- Reference style: The Most Reverend
- Spoken style: My Lord
- Religious style: Bishop

= Cornelius O'Keeffe =

Irish bishop

Cornelius O'Keeffe (Cornelius Ó Caoimh); c. 1670–4 May 1737) was an Irish Roman Catholic prelate who served as the Bishop of Limerick from 1720 to 1737.

==Biography==
O'Keeffe's family had been expelled from their property at Glanville during the 1650s, eventually settling at Drumkeene, County Limerick, where he was born. His parents were Honor O'Daly and "Dionysii" O'Keeffe, and he was the youngest of six boys.

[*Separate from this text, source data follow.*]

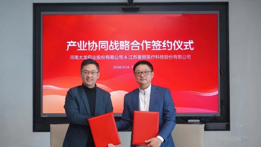 1月14日,江苏爱朋医疗科技股份有限公司(以下简称“爱朋医疗”)与河南太龙药业股份有限公司(以下简称“太龙药业”)正式签署产业协同战略合作协议。双方将秉持“优势互补、资源共享、协同创新、合作共赢”的理念,充分整合各自领域资源,探索“中药+器械、内服+外用”的协同发展新模式,携手迈入深层次共赢的全新发展阶段。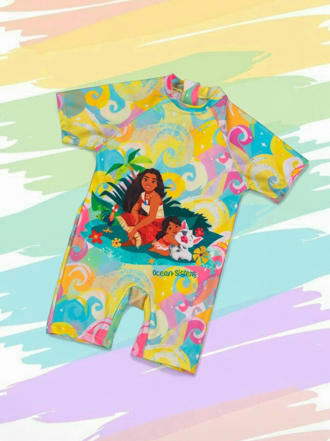 Yellow Bee Girls’ Disney Moana Swimsuit – Colorful One-Piece with Ocean Design
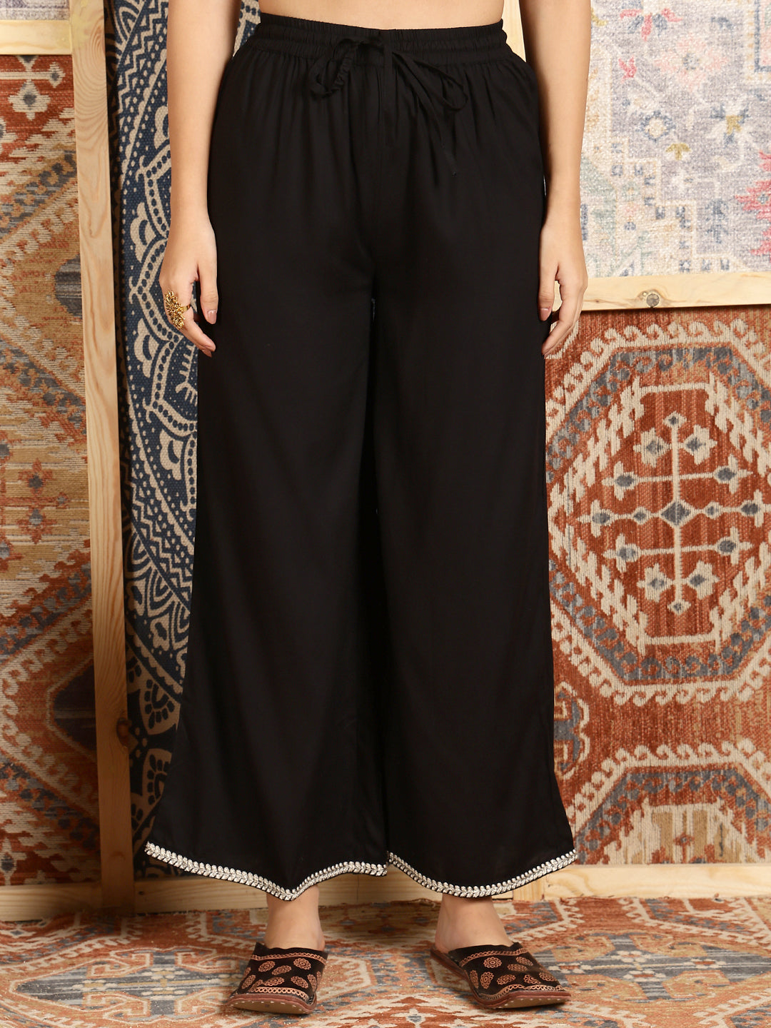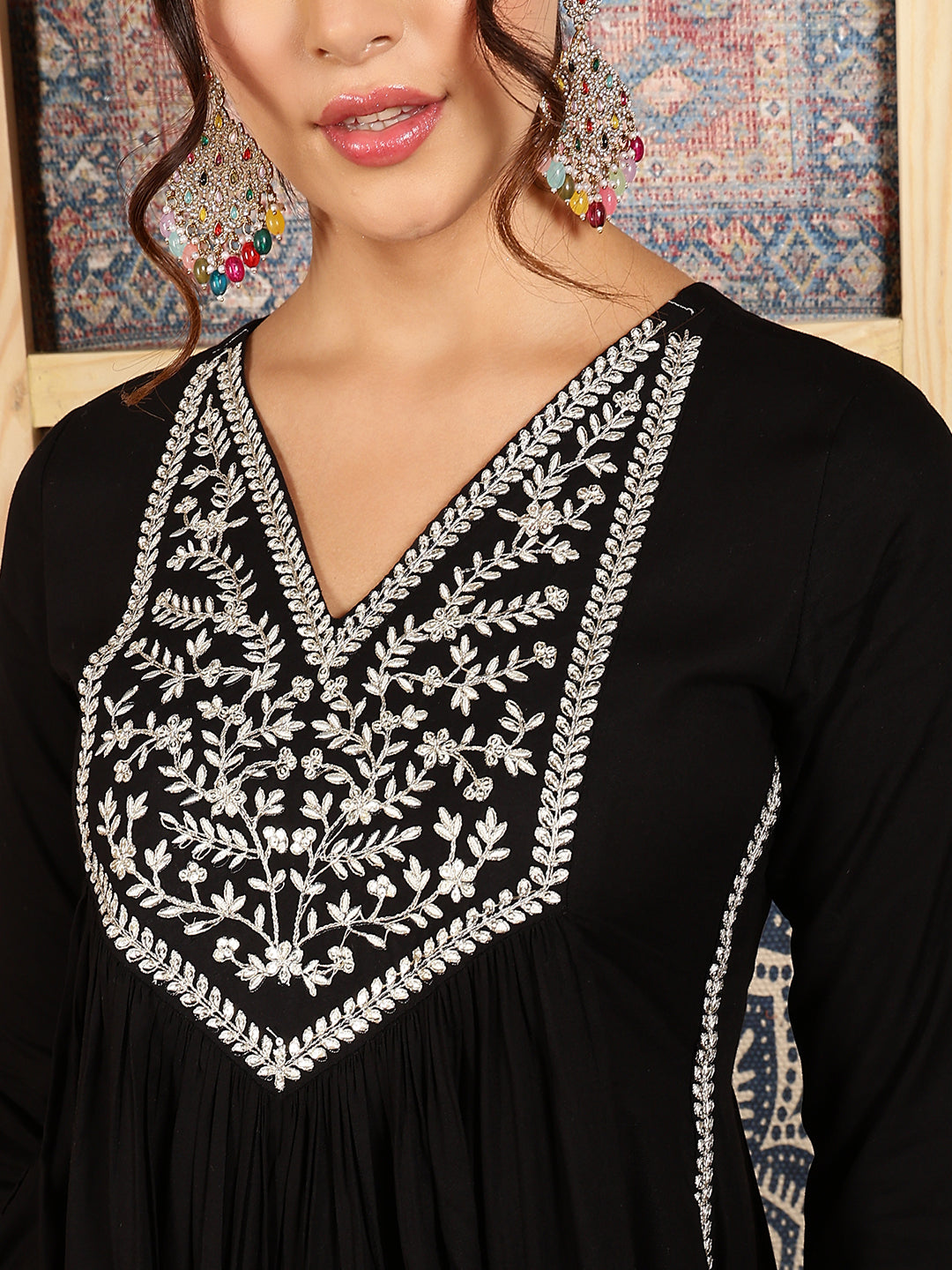Black Rayon Calf Length Solid Flared 3/4 Sleeves V-Neck Kurta Bottom Dupatta Set is crafted for those who love timeless fashion with everyday ease. The outfit drapes naturally, offering both movement and style. Suitable for work hours or simple day outings, it promises a refreshing and sophisticated touch.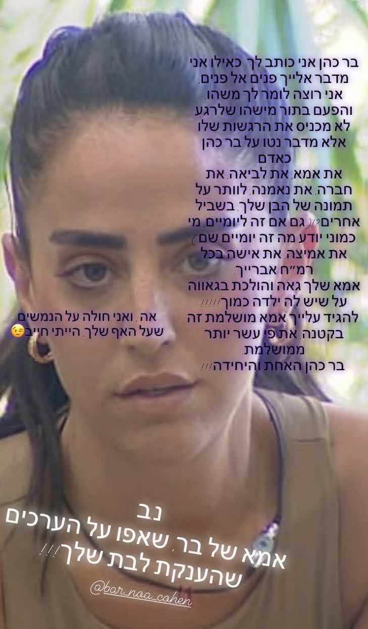 אליאב כתב:"בר כהן אני כותב לך כאילו אני מדבר אלייך פנים אל פנים. אני רוצה לומר לך משהו והפעם בתור מישהו שלרגע לא מכניס את הרגשות שלו אלא מדבר נטו על בר כהן כאדם. את אמא את לביאה את חברה את נאמנה לוותר על תמונה של הבן שלך בשביל אחרים (גם אם זה ליומיים)."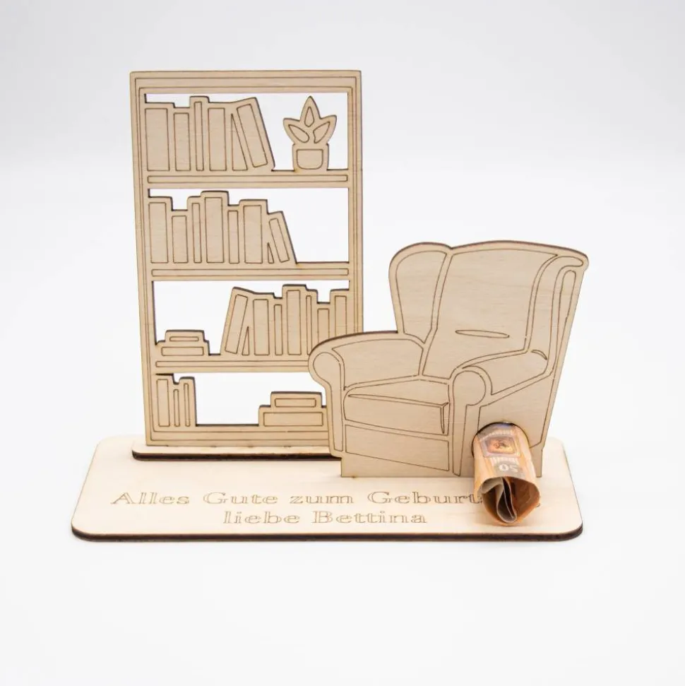 Dieses handgefertigte Holz-Geldgeschenk ist nicht nur eine originelle Art, finanzielle Präsente zu überreichen, sondern auch eine bleibende Erinnerung an einen besonderen Anlass. Ob Geburtstag, Jubiläum oder eine andere besondere Feier – das perfekte Geschenk für jeden Bücherwurm.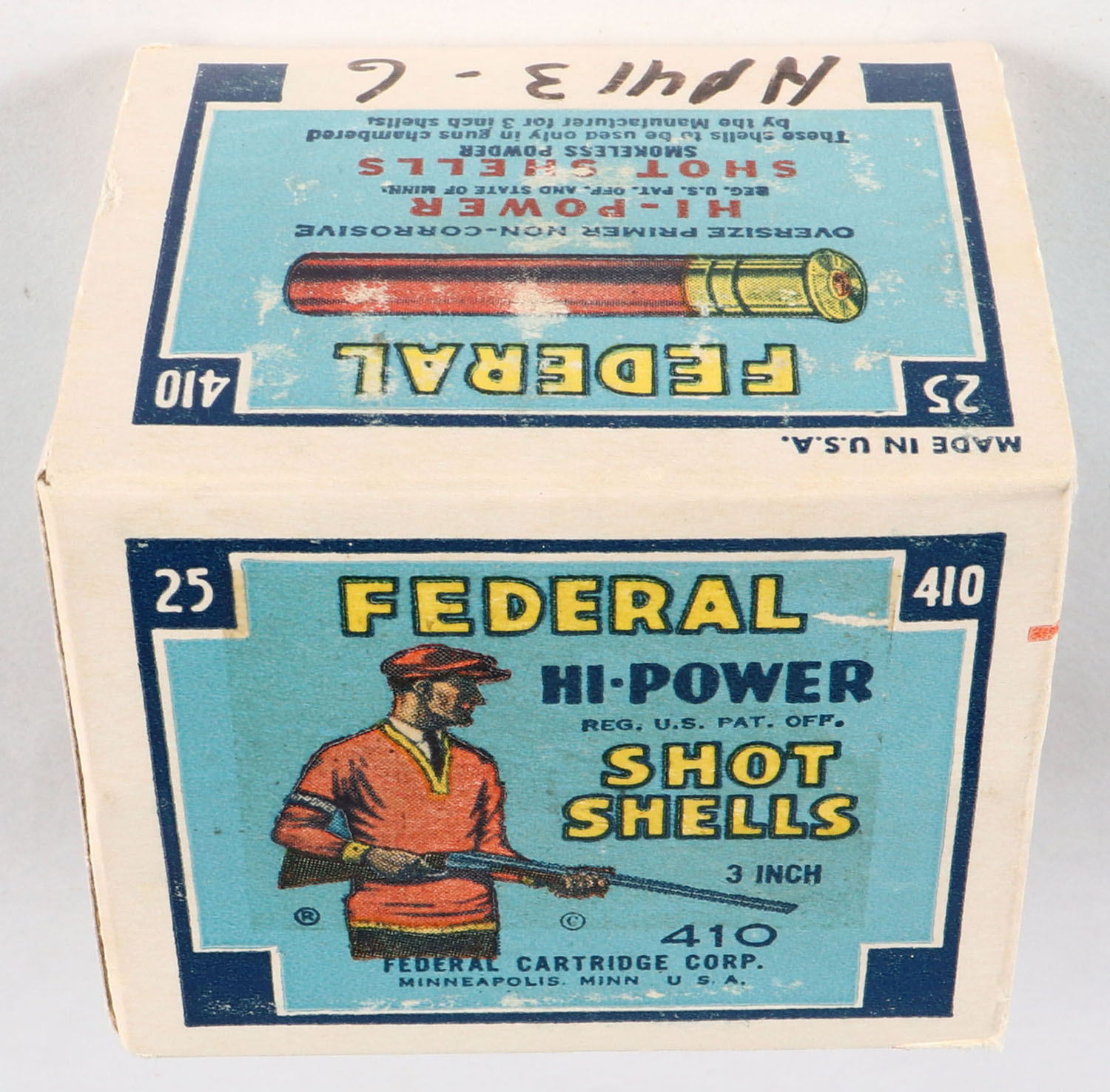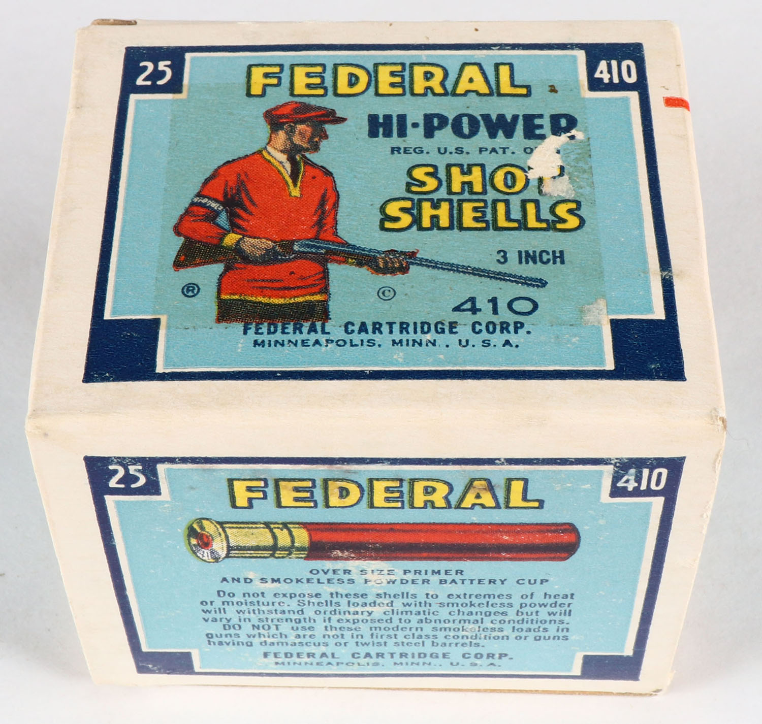 Federal Cart. Co., HI-POWER, 410ga., 3'', 1pc., Full, shot size 6, Blue border, blue, yellow and red box with Trap Shooter, box has very light scuffing with great colors, paper shells are excellent. Grade: Excellent - Value: 40 to 200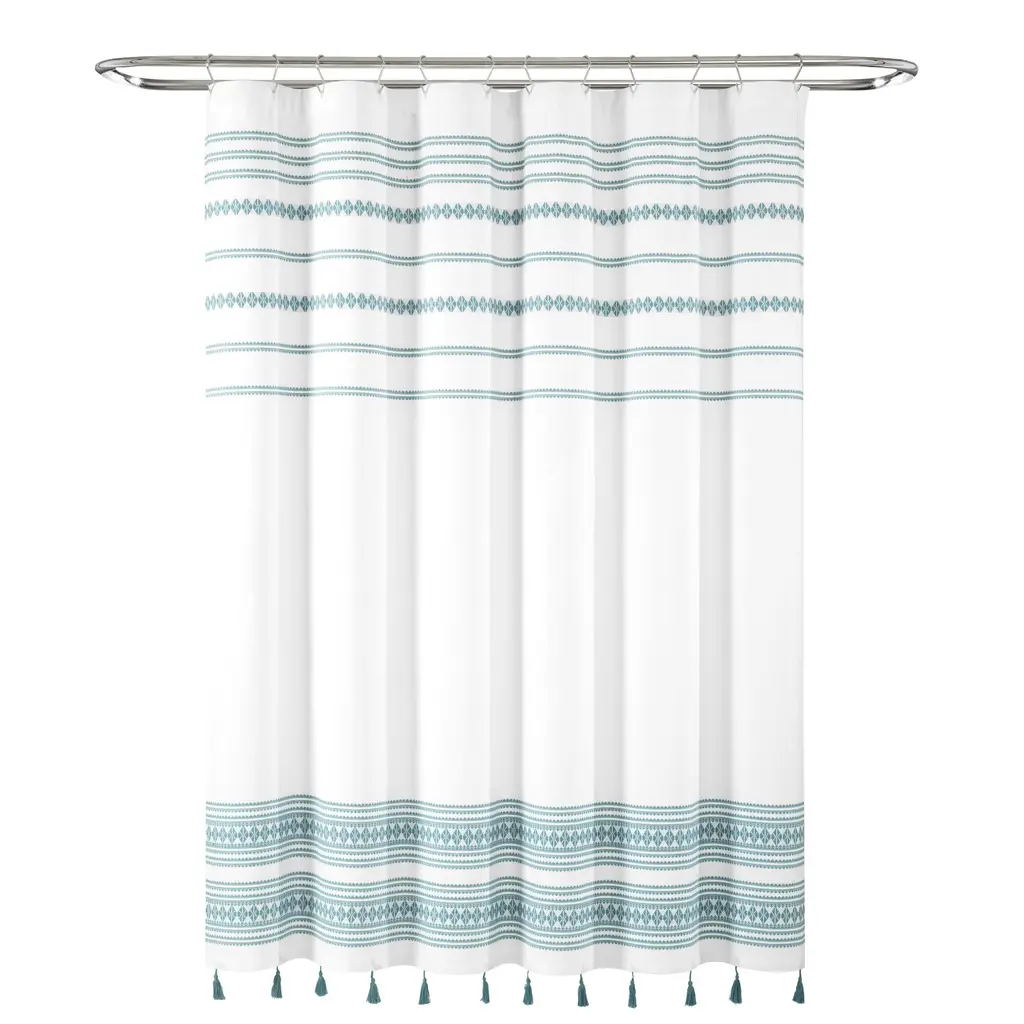 Lush Decor Breezy Chic Tassel Jacquard Eco-Friendly Recycled Cotton Shower Curtain Single - Blue - 72" X 72"

The family descendants were in Templeglantine until the 1950s' and claimed The Fermoy O'Keeffe Chieftains connection right up to the end.

He received the tonsure at the hands of the Archbishop of Bordeaux on 29 March 1686, having studied at Bruges or Toulouse, or both.

He was listed as an Irish exile in Brittany in 1710, when he was nominated for the rectorship of St. Similien's parish, Nantes. He stayed there for ten years before returning to Ireland on his appointment as bishop of the Diocese of Limerick by papal brief on , succeeding John O'Molony. In common with all Irish bishops of his day he was nominated by James III.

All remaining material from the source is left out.